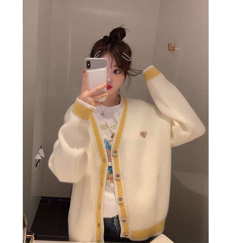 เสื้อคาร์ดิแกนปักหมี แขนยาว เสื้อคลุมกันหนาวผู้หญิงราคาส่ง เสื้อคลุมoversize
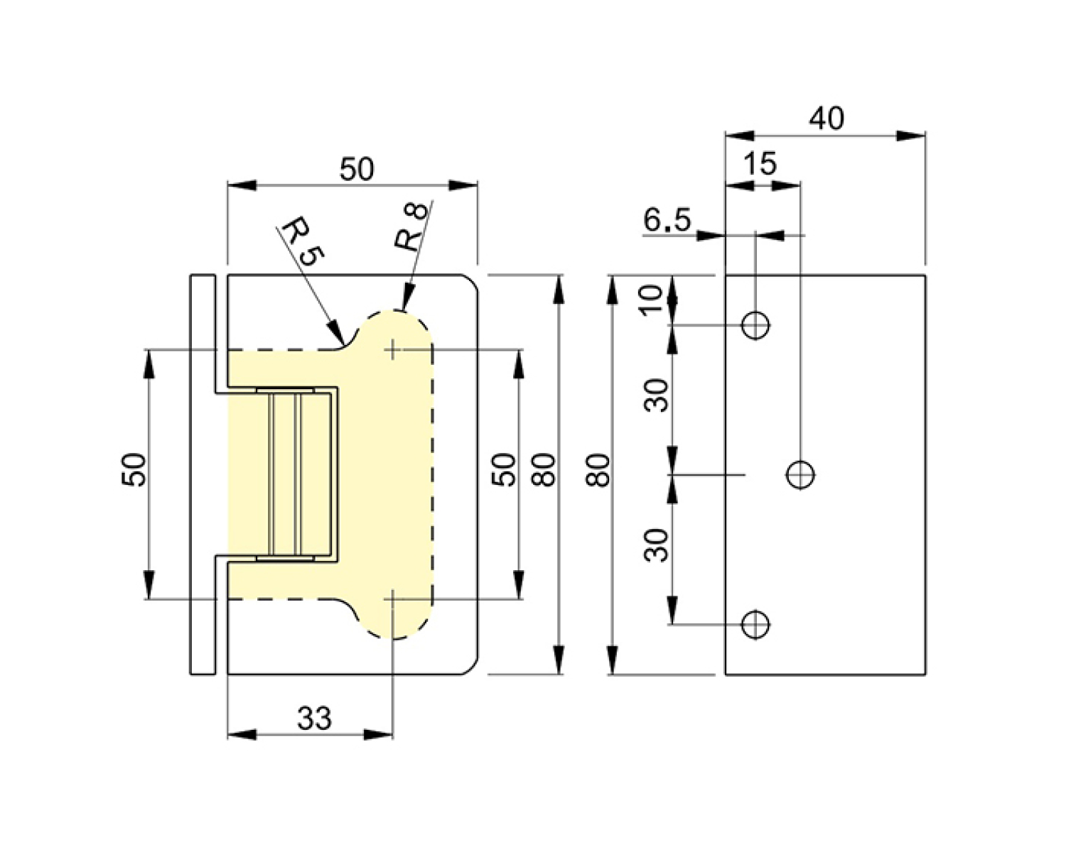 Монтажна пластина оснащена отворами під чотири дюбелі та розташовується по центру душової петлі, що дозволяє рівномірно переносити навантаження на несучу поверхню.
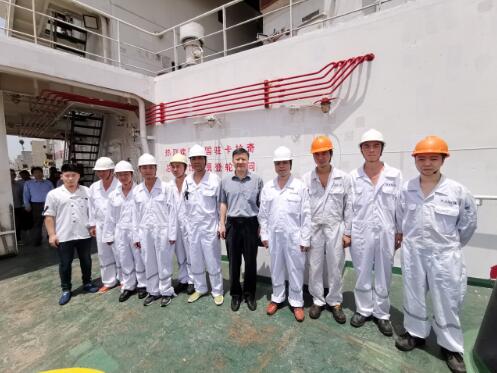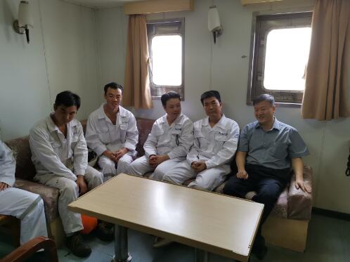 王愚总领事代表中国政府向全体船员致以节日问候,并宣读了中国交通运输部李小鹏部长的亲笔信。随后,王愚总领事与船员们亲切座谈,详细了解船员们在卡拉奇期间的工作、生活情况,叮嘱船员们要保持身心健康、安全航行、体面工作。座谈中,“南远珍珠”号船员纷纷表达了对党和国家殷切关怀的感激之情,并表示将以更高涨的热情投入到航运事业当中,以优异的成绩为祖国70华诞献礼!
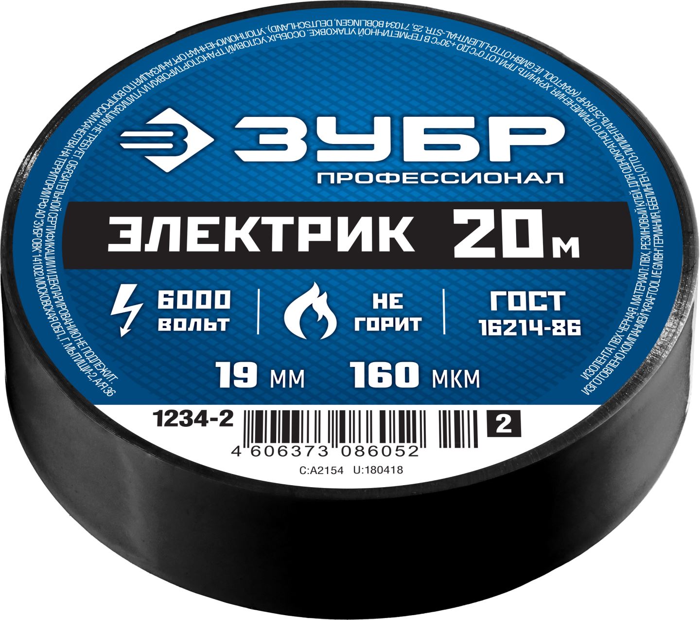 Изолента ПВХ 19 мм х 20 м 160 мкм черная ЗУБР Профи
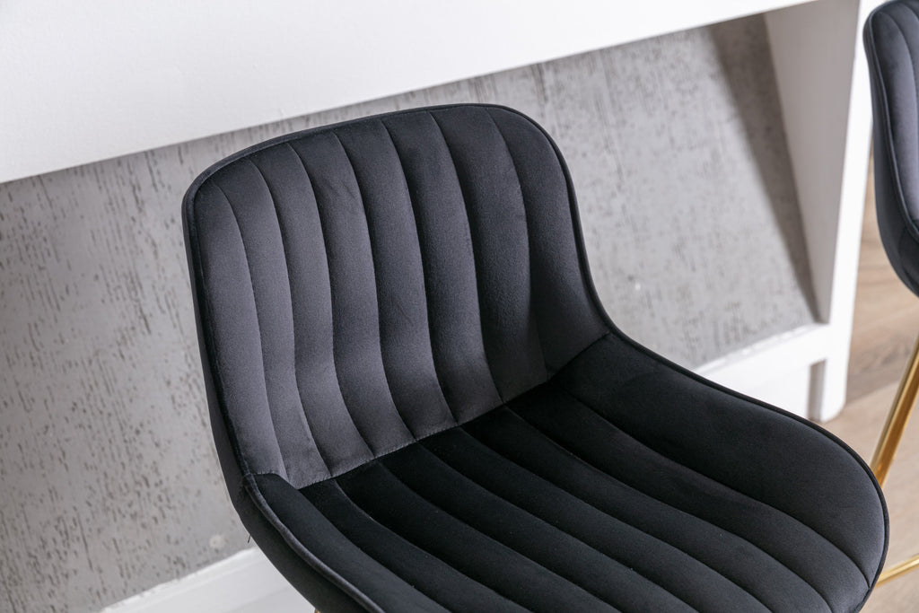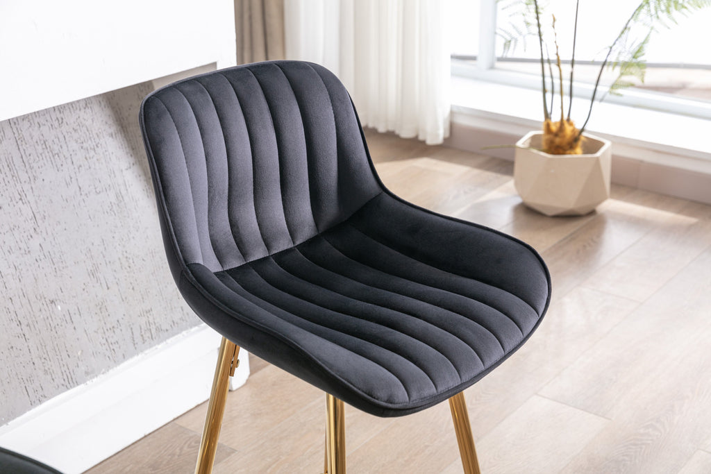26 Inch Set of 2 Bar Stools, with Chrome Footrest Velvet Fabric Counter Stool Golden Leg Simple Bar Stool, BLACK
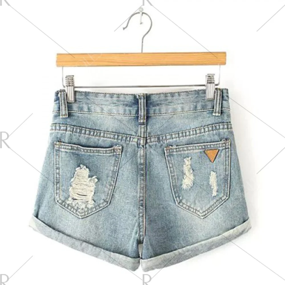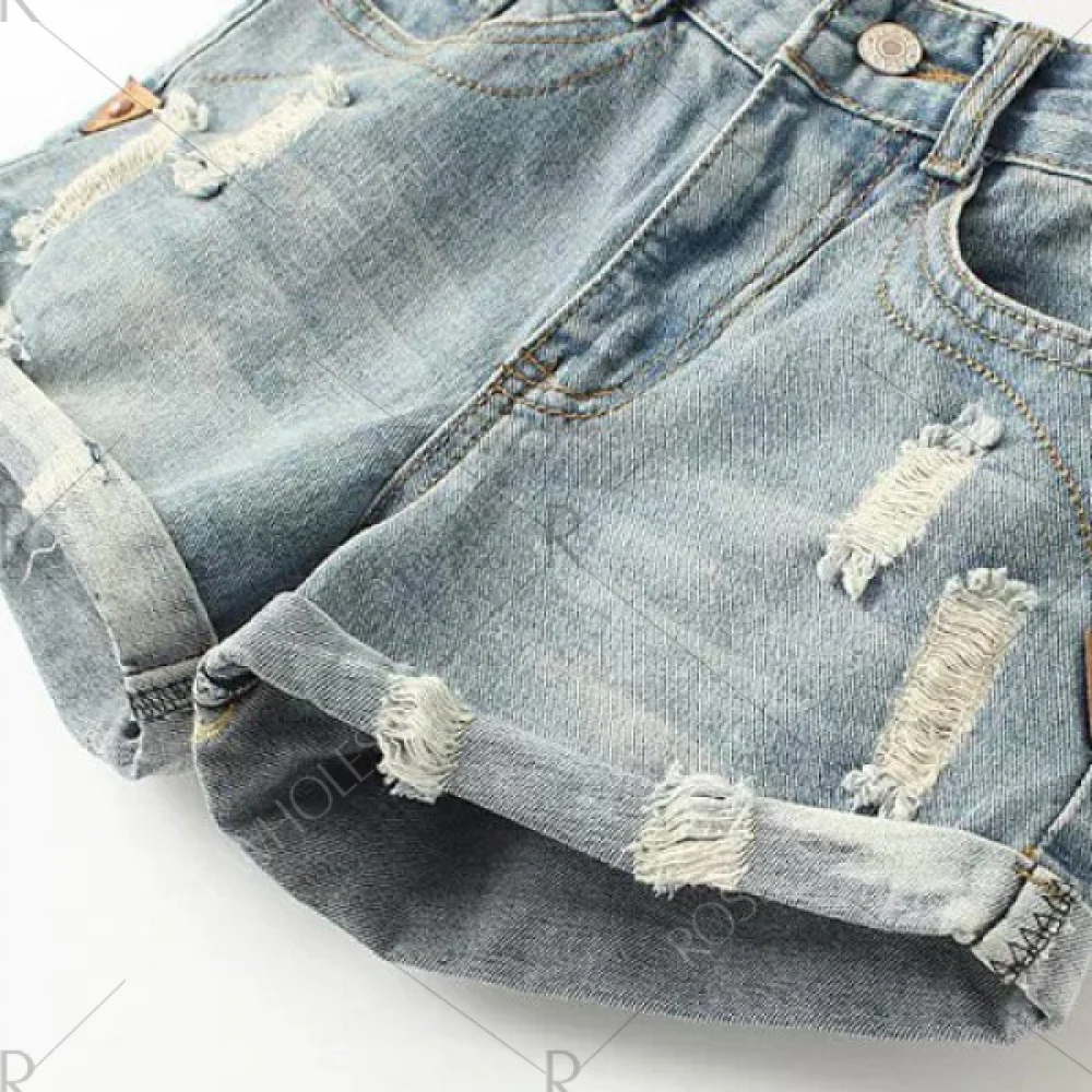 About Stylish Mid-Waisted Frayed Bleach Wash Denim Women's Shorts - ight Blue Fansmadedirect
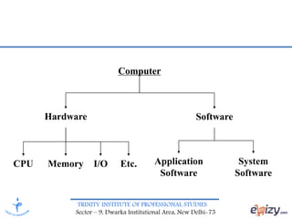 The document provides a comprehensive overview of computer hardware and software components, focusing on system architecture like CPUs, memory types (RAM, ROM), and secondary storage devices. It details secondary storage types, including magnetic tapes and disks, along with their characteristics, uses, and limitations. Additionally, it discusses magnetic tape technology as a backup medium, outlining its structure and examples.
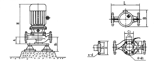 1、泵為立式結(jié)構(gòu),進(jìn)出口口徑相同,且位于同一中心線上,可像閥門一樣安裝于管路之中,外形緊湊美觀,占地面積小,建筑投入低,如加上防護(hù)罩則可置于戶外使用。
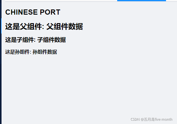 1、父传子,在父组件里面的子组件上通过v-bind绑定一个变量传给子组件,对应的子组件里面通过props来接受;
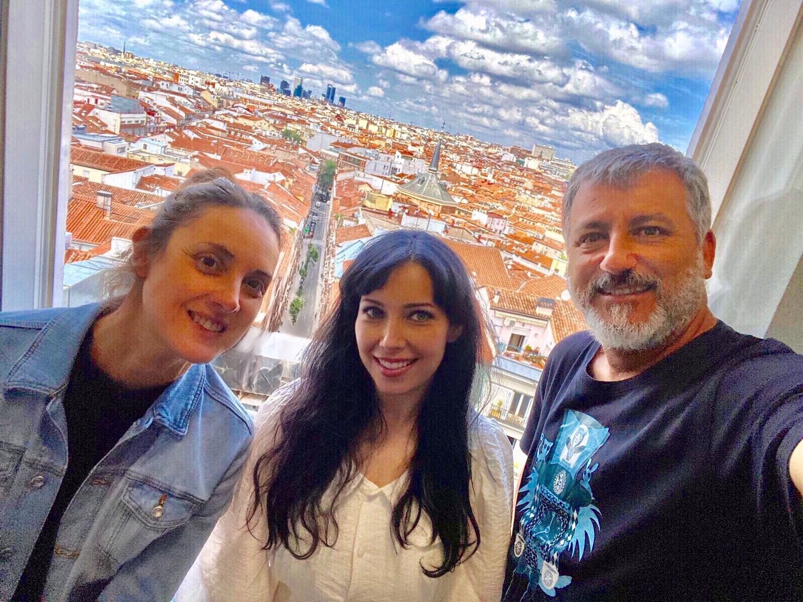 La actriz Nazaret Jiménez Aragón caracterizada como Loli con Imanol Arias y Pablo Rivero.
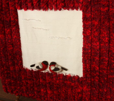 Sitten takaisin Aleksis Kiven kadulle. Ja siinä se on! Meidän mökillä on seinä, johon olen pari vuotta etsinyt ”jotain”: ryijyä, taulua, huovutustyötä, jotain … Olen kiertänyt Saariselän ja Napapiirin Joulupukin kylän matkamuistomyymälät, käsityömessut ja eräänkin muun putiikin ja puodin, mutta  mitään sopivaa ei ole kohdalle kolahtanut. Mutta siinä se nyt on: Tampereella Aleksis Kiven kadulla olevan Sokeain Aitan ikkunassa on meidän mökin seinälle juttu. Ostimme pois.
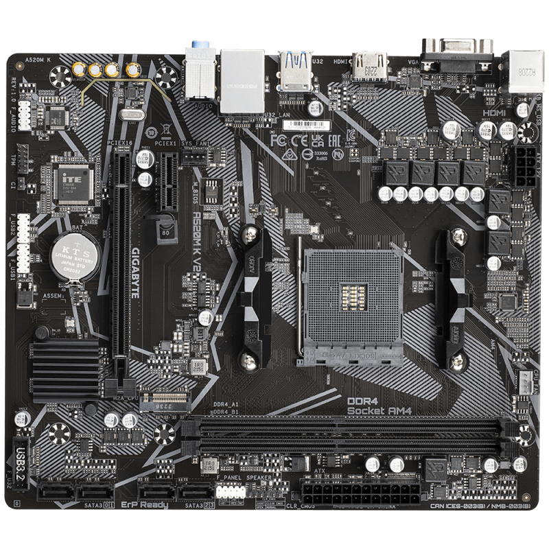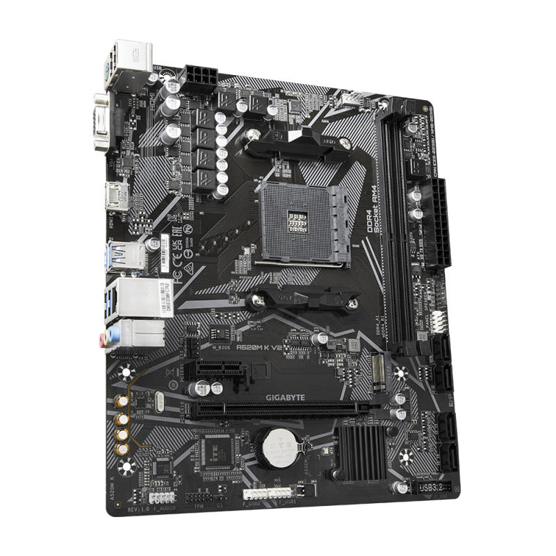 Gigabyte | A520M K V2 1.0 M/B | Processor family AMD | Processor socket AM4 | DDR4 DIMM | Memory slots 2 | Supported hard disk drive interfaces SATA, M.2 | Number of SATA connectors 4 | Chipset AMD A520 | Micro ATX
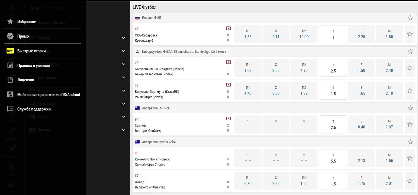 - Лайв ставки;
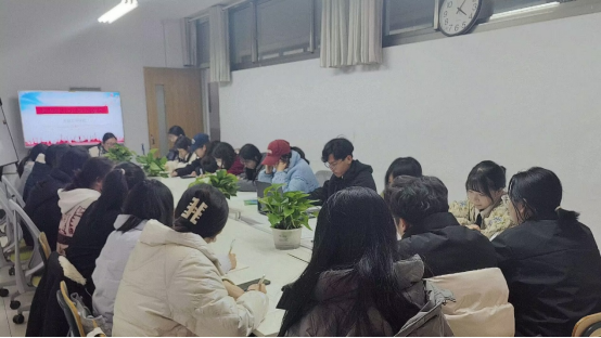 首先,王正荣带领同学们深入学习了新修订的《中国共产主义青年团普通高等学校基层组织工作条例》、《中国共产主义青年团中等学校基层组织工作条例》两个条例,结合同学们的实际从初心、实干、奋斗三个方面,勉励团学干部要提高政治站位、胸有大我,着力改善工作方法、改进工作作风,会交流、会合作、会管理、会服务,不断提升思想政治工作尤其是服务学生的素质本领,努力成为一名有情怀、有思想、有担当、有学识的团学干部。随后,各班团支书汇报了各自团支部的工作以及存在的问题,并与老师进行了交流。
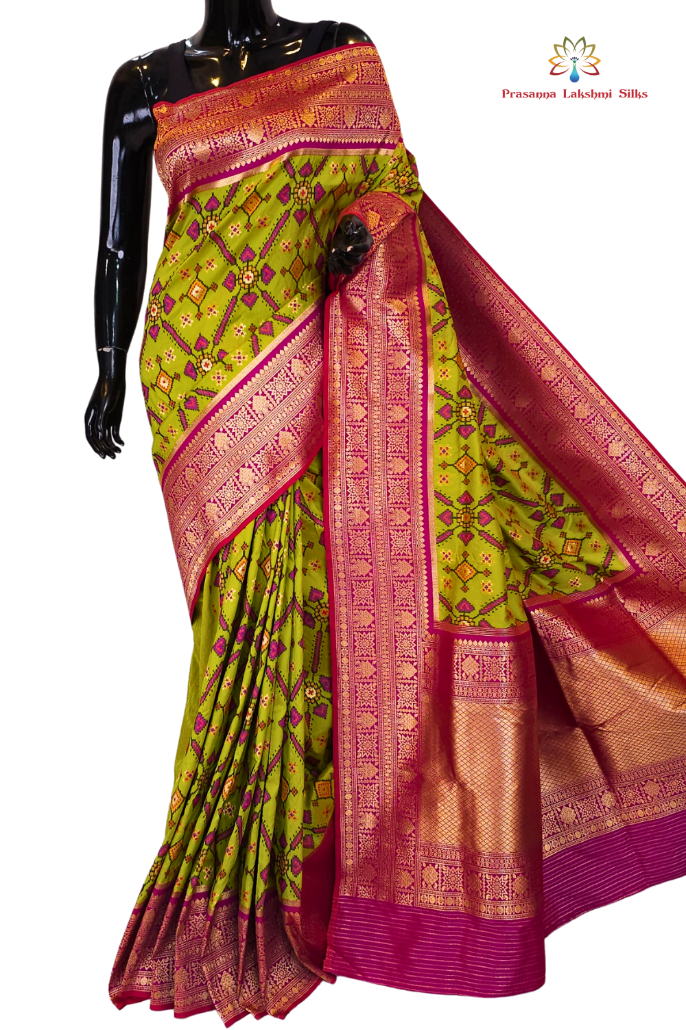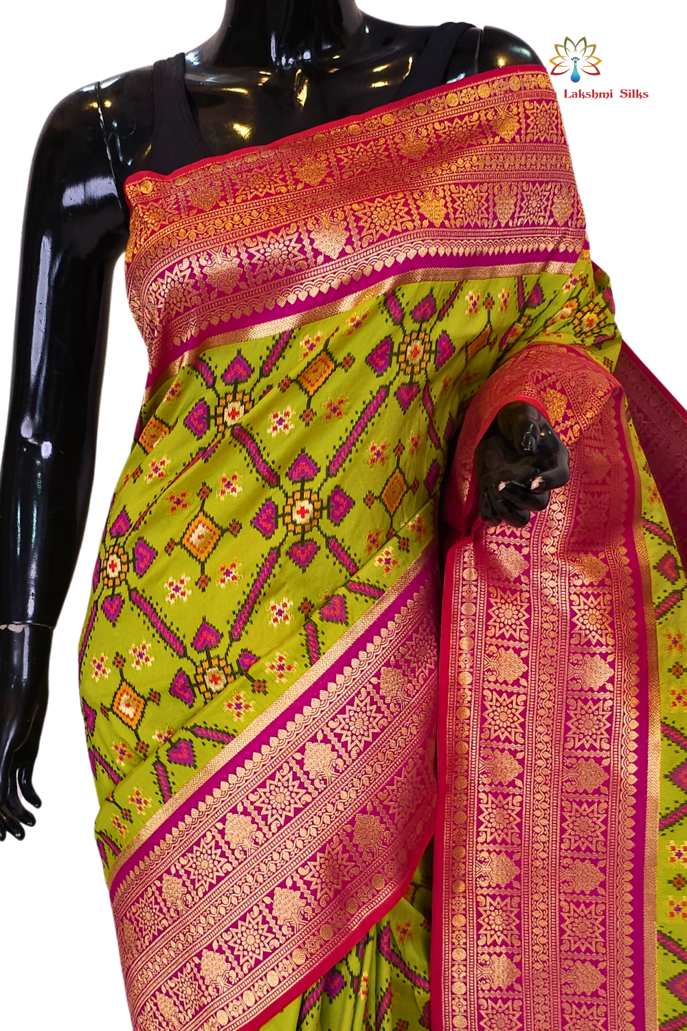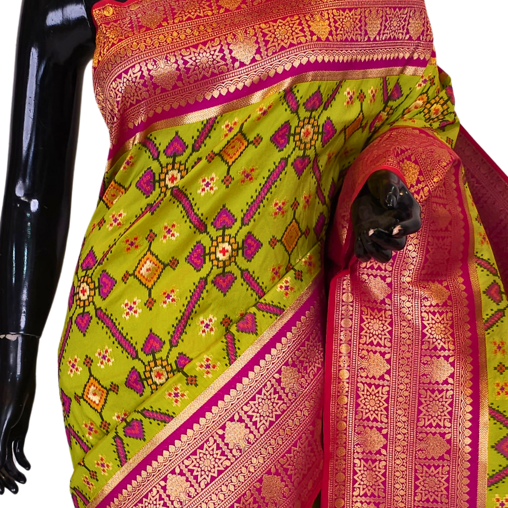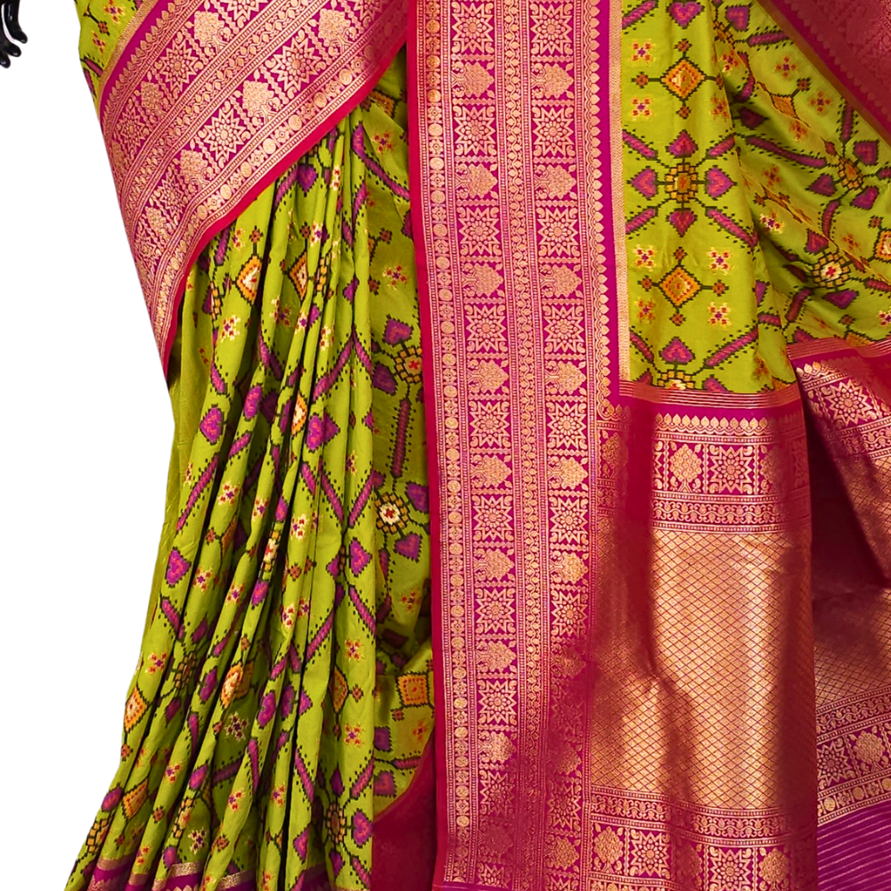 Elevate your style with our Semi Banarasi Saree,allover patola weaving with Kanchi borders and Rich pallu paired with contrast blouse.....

- - -

Your task is to copy word for word the lines from the line containing "- Лайв ставки;" to the end of the listing, both included, and to drop any pictures.

 - Лайв ставки;
 首先,王正荣带领同学们深入学习了新修订的《中国共产主义青年团普通高等学校基层组织工作条例》、《中国共产主义青年团中等学校基层组织工作条例》两个条例,结合同学们的实际从初心、实干、奋斗三个方面,勉励团学干部要提高政治站位、胸有大我,着力改善工作方法、改进工作作风,会交流、会合作、会管理、会服务,不断提升思想政治工作尤其是服务学生的素质本领,努力成为一名有情怀、有思想、有担当、有学识的团学干部。随后,各班团支书汇报了各自团支部的工作以及存在的问题,并与老师进行了交流。
 Elevate your style with our Semi Banarasi Saree,allover patola weaving with Kanchi borders and Rich pallu paired with contrast blouse.....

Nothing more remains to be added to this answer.